The Reporting Burden Is Significant. Hospitals emphasized that the reporting burden for hospitals to comply with PHQID and/or RHQDAPU is significant given that data collection is still largely a manual exercise requiring chart abstraction. This was found to be true even in larger institutions having more information technology (IT) resources. EHRs and CPOE are not yet designed to provide data to populate measures such as those in PHQID, RHQDAPU, or other nationally endorsed measurement sets. Most EHRs capture relevant information in text fields; so even when EHRs are available, a text search must be done to determine if an event occurred. Hospitals universally felt that the data collection burden should be an important selection criterion for P4R and P4P programs. There was also consensus on the need to align measures and measure specifications to minimize data collection and reporting burdens—although it was also noted that the problem was less about alignment of specifications and more about getting the various stakeholders to align on what they want to hold providers accountable for. However, it is important to note that even though CMS allowed sampling of patient records to minimize the hospital reporting burden, many large hospitals reported that they did not use the sampling method, citing a need to have 100 percent of the cases to do their quarterly quality improvement work with doctors. These hospitals stated that the small number of sampled cases showed results that were too variable and did not provide a reliable source of information to give to doctors.

The Problem of Small Numbers Exists. The problem of only a small number of patients meeting the measure criteria was also raised, primarily by small hospitals, including rural hospitals and CAHs. Estimates of performance based on a small number of events (i.e., patients who receive appropriate processes of care) are not stable and vary substantially from period to period, making the task of separating out the “signal” (true performance) from the “noise” (random variation) a challenging one. Hospitals with small numbers of patients cited challenges in interpreting and using results that showed large variation from period to period.
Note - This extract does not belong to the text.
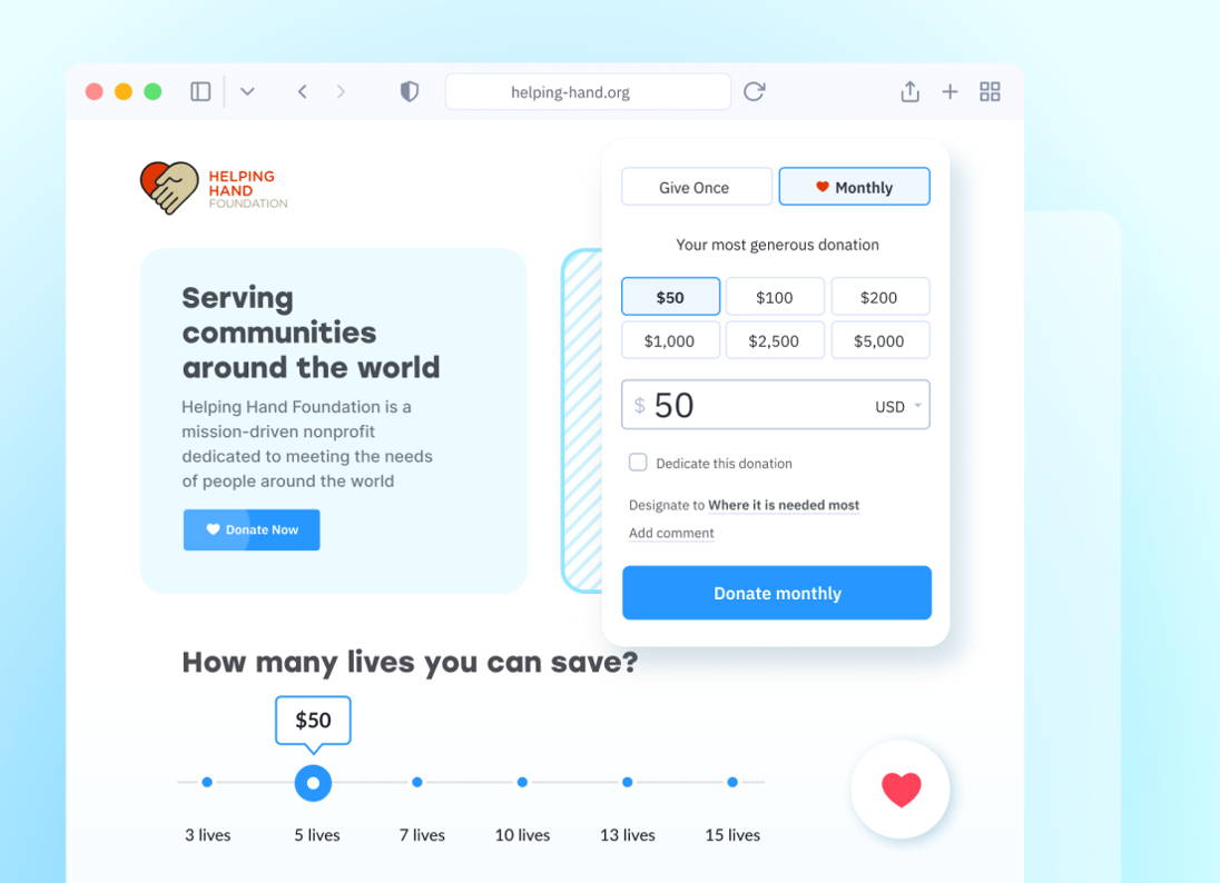 Update your nonprofit’s website with pre-built buttons, sliders, overlays, and other donation widget components that engage website visitors and convert them to donors.

Among the smaller hospitals, there was agreement that “we should only be measured on what we actually do.” Smaller hospitals thought that CMS should work to construct measures that more readily apply to the care they provide, such as transfers. When asked whether hospitals would support the use of composites to help with the small-numbers problem, there was no strong signal of support. However, this response may have stemmed from a lack of understanding about how the composites might be constructed. There was, in contrast, strong support for risk adjustment to ensure comparability across hospitals.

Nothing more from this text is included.